__Exercise brief__: The records below need to be set down again exactly; their images stay out.

__________________________________________________

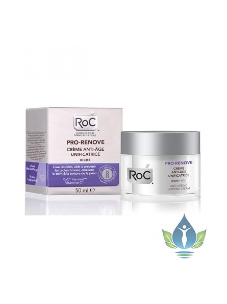 ROC PRO-RENOVE Crème anti-âge unificatrice Riche. Pour une peau intensément nourrie, des rides diminuées et un teint de peau visiblement plus uniforme et éclatant jour après jour. Cette crème offre une solution anti-âge complète pour unifier la peau en la révélant sous son meilleur jour. Elle lisse les rides, améliore le teint et la texture de la peau et prévient les taches brunes pour donner à la peau une apparence renouvelée. Contenant la technologie multi-actions Hexinol, issue de 7 ans de recherche, ce soin agit directement au coeur des cellules et cible le vieillissement à sa source, pour une efficacité visible. Sa texture riche et nourrissante pénètre rapidement.
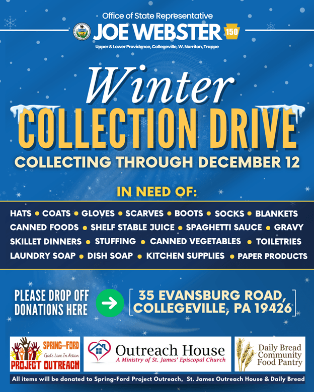 There is no cost to participate but all vendors must apply and be approved. For more information, reach out to Nicole at [email protected] | Heads up, neighbors! The current construction on Ridge Pike is scheduled to last through Friday, January 29, 2027. During this construction, Ridge Pike will be reduced to a single lane in each direction 24/7 between Germantown Pike and Crosskeys Road. Drivers are advised to plan accordingly and practice safe driving habits while crews are at work. | | Helpful Information/Other Events | Free VA S.A.V.E. Suicide Prevention Course | Tonight from 6 p.m. to 8 p.m., the Coatesville VA will be hosting VA S.A.V.E. Suicide Prevention Course, a free event for service members, veterans and their families. Stop by the VFW Post 9788 at 324 Sawmill Lane in Horsham, PA, and learn about how to assist someone who is experiencing a crisis and options for firearm storage. | Strong Minds, Safe Bodies: A Victim Services Center Event | The Victim Services Center of Montgomery County is hosting a free community wellness event for youth and families called Strong Minds, Safe Bodies. This event will feature wellness workshops, creative activities and community resources! Safe Minds, Strong Bodies is this Saturday, November 15, from 1 p.m. to 3 p.m. at The Ricketts Center (640 Beech Street, Pottstown, PA 19464). You can RSVP here | If you’re a senior 65 or older, you can ride SEPTA for free! Stop by my district office at 35 Evansburg Road with a valid form of ID and my staff can help you sign up for a free SEPTA Senior Fare Card. My office hours are Monday through Friday, 9:30 a.m. to 4:30 p.m. | If you need state-related assistance, my office can help you! Please feel free to contact my staff with any questions by calling 484-200-8263 or emailing [email protected] | Decorate Collegeville’s Christmas Tree Saturday, November 22, from 11 a.m. - 12 p.m. E. Third Ave and Main Street, Collegeville, PA Pet Photos with Santa from lower Providence Township Thursday, December 4, from 6 p.m. - 8 p.m. Eagleville Park (Bocce Courts) – 100 Parklane Drive, Eagleville, PA 17th Annual Community Tree Lighting from Lower Providence Township Friday, December 5, at 6:30 p.m. Eagleville Park – 100 Parklane Drive, Eagleville, PA 6th Annual Tree Lighting Ceremony from West Norriton Township Saturday, December 6, at 6 p.m. 1630 W. Marshall St, Norristown, PA Note: Donations will be accepted for Jefferson Fire Co’s Toys 4 Kids Blizzard Bash Open House from Upper Providence Township Friday, December 12, from 5:30 p.m. - 7 p.m. Upper Providence Community Center – 499 Hopwood Rd, Collegeville, PA Note: Registration required here | Please continue to stay safe, healthy, and well-informed. And, if you have questions about any state-related issue, please contact my office at 484-200-8263 or email [email protected]. If you wish to unsubscribe to this email, please scroll to the bottom where it says, “Update Email Preferences.” Sincerely, Rep. Joe Webster State Representative 150th Legislative District | District Office 35 Evansburg Road Collegeville, PA 19426 (484) 200-8263 | Pennsylvania State Capitol 125-B East Wing P.O. Box 202150 Harrisburg, PA 17120 (717) 787-0419 | |
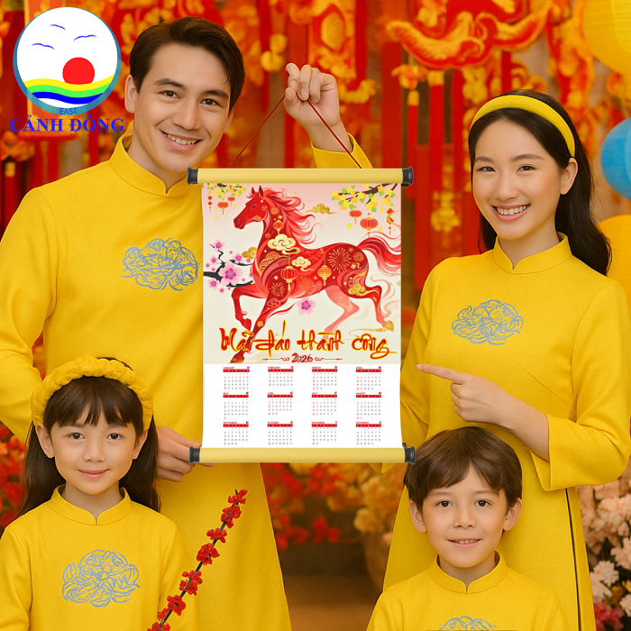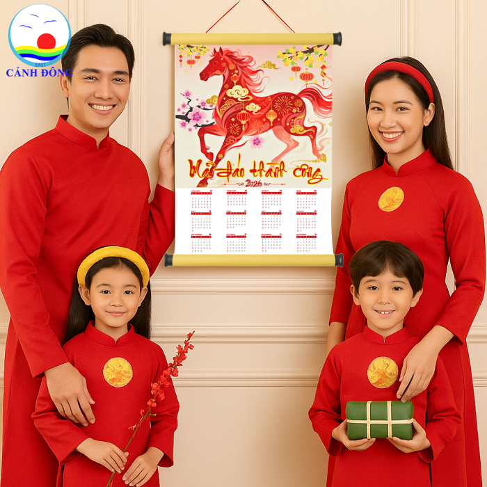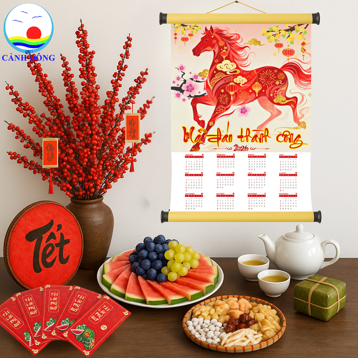 Lịch treo tường 2026, lịch Tết Bính Ngọ, lịch ngày âm dương, quà tặng Tết, phụ kiện trang trí Tết, lịch in theo yêu cầu, lịch Cảnh Đông, lịch Mã Đáo Thành Công. Lịch 2026
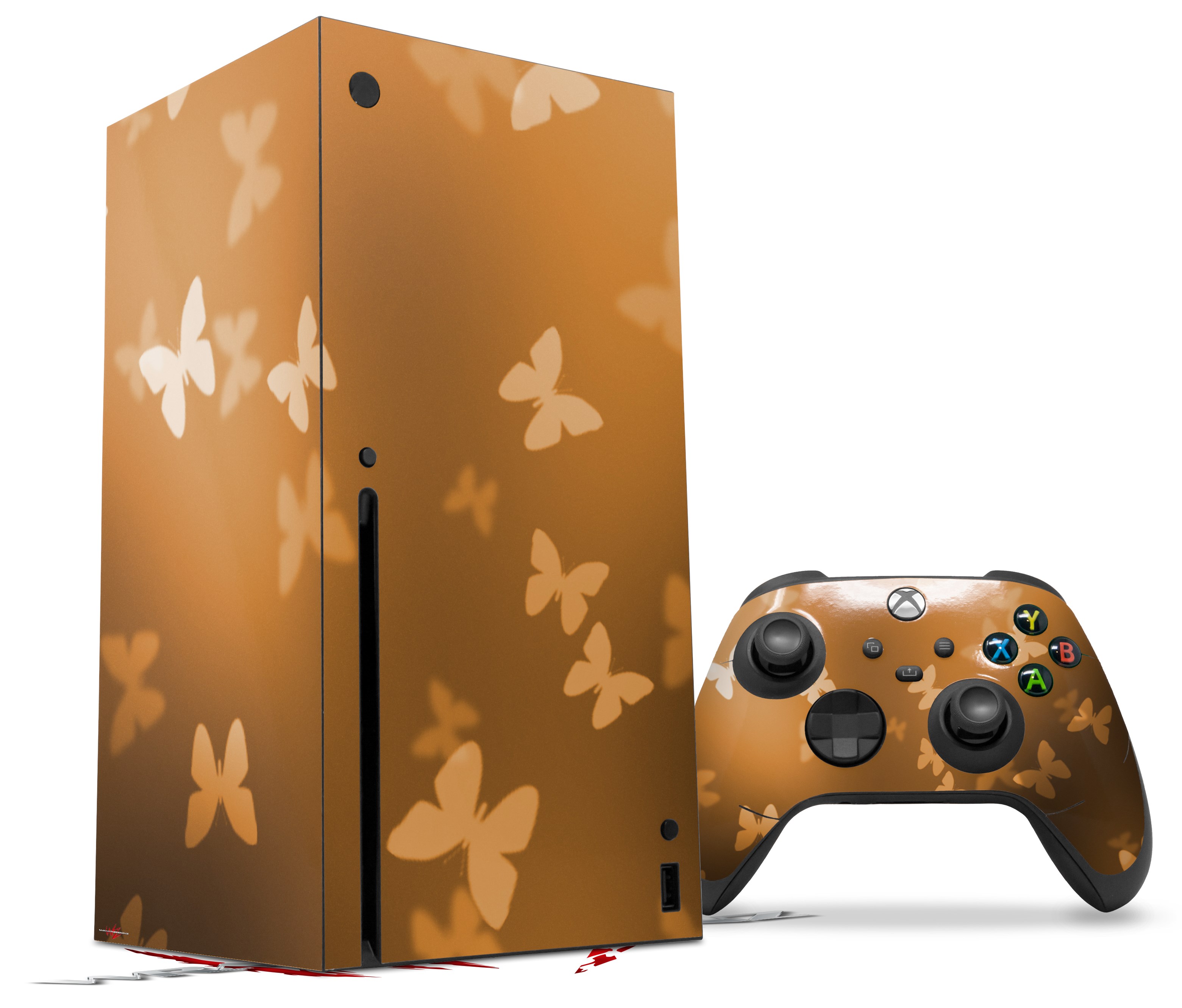 WraptorSkinz Skin Wrap compatible with the 2020 XBOX Series X Console and Controller Bokeh Butterflies Orange (XBOX NOT INCLUDED)
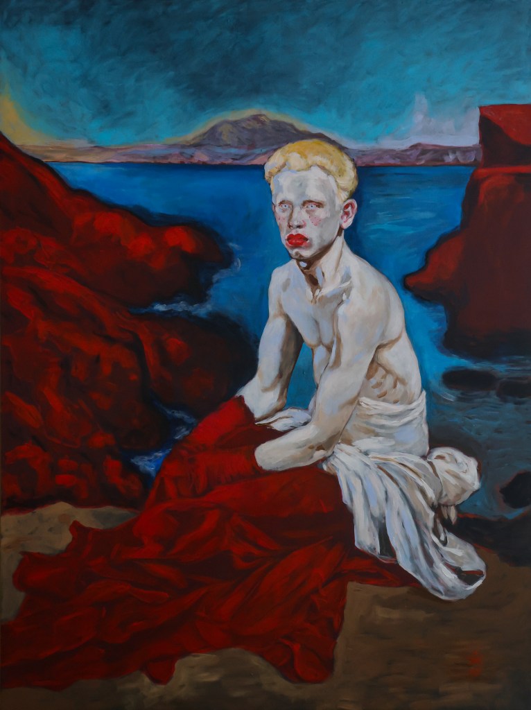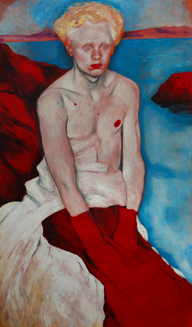 Depicted in isolation against backdrops of open landscapes and endless water surfaces, they are cast into a space without the possibility of shelter, facing the threat of objectification. Simultaneously, however, they invite the viewer into their idealized imaginary worlds, which serve as their only refuge and sense of security. These queer aspects and gender fluidity are explored through a free and fluid engagement with classical painting techniques.

__________________________________________________

__Task output__:
 ROC PRO-RENOVE Crème anti-âge unificatrice Riche. Pour une peau intensément nourrie, des rides diminuées et un teint de peau visiblement plus uniforme et éclatant jour après jour. Cette crème offre une solution anti-âge complète pour unifier la peau en la révélant sous son meilleur jour. Elle lisse les rides, améliore le teint et la texture de la peau et prévient les taches brunes pour donner à la peau une apparence renouvelée. Contenant la technologie multi-actions Hexinol, issue de 7 ans de recherche, ce soin agit directement au coeur des cellules et cible le vieillissement à sa source, pour une efficacité visible. Sa texture riche et nourrissante pénètre rapidement.
 There is no cost to participate but all vendors must apply and be approved. For more information, reach out to Nicole at [email protected] | Heads up, neighbors! The current construction on Ridge Pike is scheduled to last through Friday, January 29, 2027. During this construction, Ridge Pike will be reduced to a single lane in each direction 24/7 between Germantown Pike and Crosskeys Road. Drivers are advised to plan accordingly and practice safe driving habits while crews are at work. | | Helpful Information/Other Events | Free VA S.A.V.E. Suicide Prevention Course | Tonight from 6 p.m. to 8 p.m., the Coatesville VA will be hosting VA S.A.V.E. Suicide Prevention Course, a free event for service members, veterans and their families. Stop by the VFW Post 9788 at 324 Sawmill Lane in Horsham, PA, and learn about how to assist someone who is experiencing a crisis and options for firearm storage. | Strong Minds, Safe Bodies: A Victim Services Center Event | The Victim Services Center of Montgomery County is hosting a free community wellness event for youth and families called Strong Minds, Safe Bodies. This event will feature wellness workshops, creative activities and community resources! Safe Minds, Strong Bodies is this Saturday, November 15, from 1 p.m. to 3 p.m. at The Ricketts Center (640 Beech Street, Pottstown, PA 19464). You can RSVP here | If you’re a senior 65 or older, you can ride SEPTA for free! Stop by my district office at 35 Evansburg Road with a valid form of ID and my staff can help you sign up for a free SEPTA Senior Fare Card. My office hours are Monday through Friday, 9:30 a.m. to 4:30 p.m. | If you need state-related assistance, my office can help you! Please feel free to contact my staff with any questions by calling 484-200-8263 or emailing [email protected] | Decorate Collegeville’s Christmas Tree Saturday, November 22, from 11 a.m. - 12 p.m. E. Third Ave and Main Street, Collegeville, PA Pet Photos with Santa from lower Providence Township Thursday, December 4, from 6 p.m. - 8 p.m. Eagleville Park (Bocce Courts) – 100 Parklane Drive, Eagleville, PA 17th Annual Community Tree Lighting from Lower Providence Township Friday, December 5, at 6:30 p.m. Eagleville Park – 100 Parklane Drive, Eagleville, PA 6th Annual Tree Lighting Ceremony from West Norriton Township Saturday, December 6, at 6 p.m. 1630 W. Marshall St, Norristown, PA Note: Donations will be accepted for Jefferson Fire Co’s Toys 4 Kids Blizzard Bash Open House from Upper Providence Township Friday, December 12, from 5:30 p.m. - 7 p.m. Upper Providence Community Center – 499 Hopwood Rd, Collegeville, PA Note: Registration required here | Please continue to stay safe, healthy, and well-informed. And, if you have questions about any state-related issue, please contact my office at 484-200-8263 or email [email protected]. If you wish to unsubscribe to this email, please scroll to the bottom where it says, “Update Email Preferences.” Sincerely, Rep. Joe Webster State Representative 150th Legislative District | District Office 35 Evansburg Road Collegeville, PA 19426 (484) 200-8263 | Pennsylvania State Capitol 125-B East Wing P.O. Box 202150 Harrisburg, PA 17120 (717) 787-0419 | |
 Lịch treo tường 2026, lịch Tết Bính Ngọ, lịch ngày âm dương, quà tặng Tết, phụ kiện trang trí Tết, lịch in theo yêu cầu, lịch Cảnh Đông, lịch Mã Đáo Thành Công. Lịch 2026
 WraptorSkinz Skin Wrap compatible with the 2020 XBOX Series X Console and Controller Bokeh Butterflies Orange (XBOX NOT INCLUDED)
 Depicted in isolation against backdrops of open landscapes and endless water surfaces, they are cast into a space without the possibility of shelter, facing the threat of objectification. Simultaneously, however, they invite the viewer into their idealized imaginary worlds, which serve as their only refuge and sense of security. These queer aspects and gender fluidity are explored through a free and fluid engagement with classical painting techniques.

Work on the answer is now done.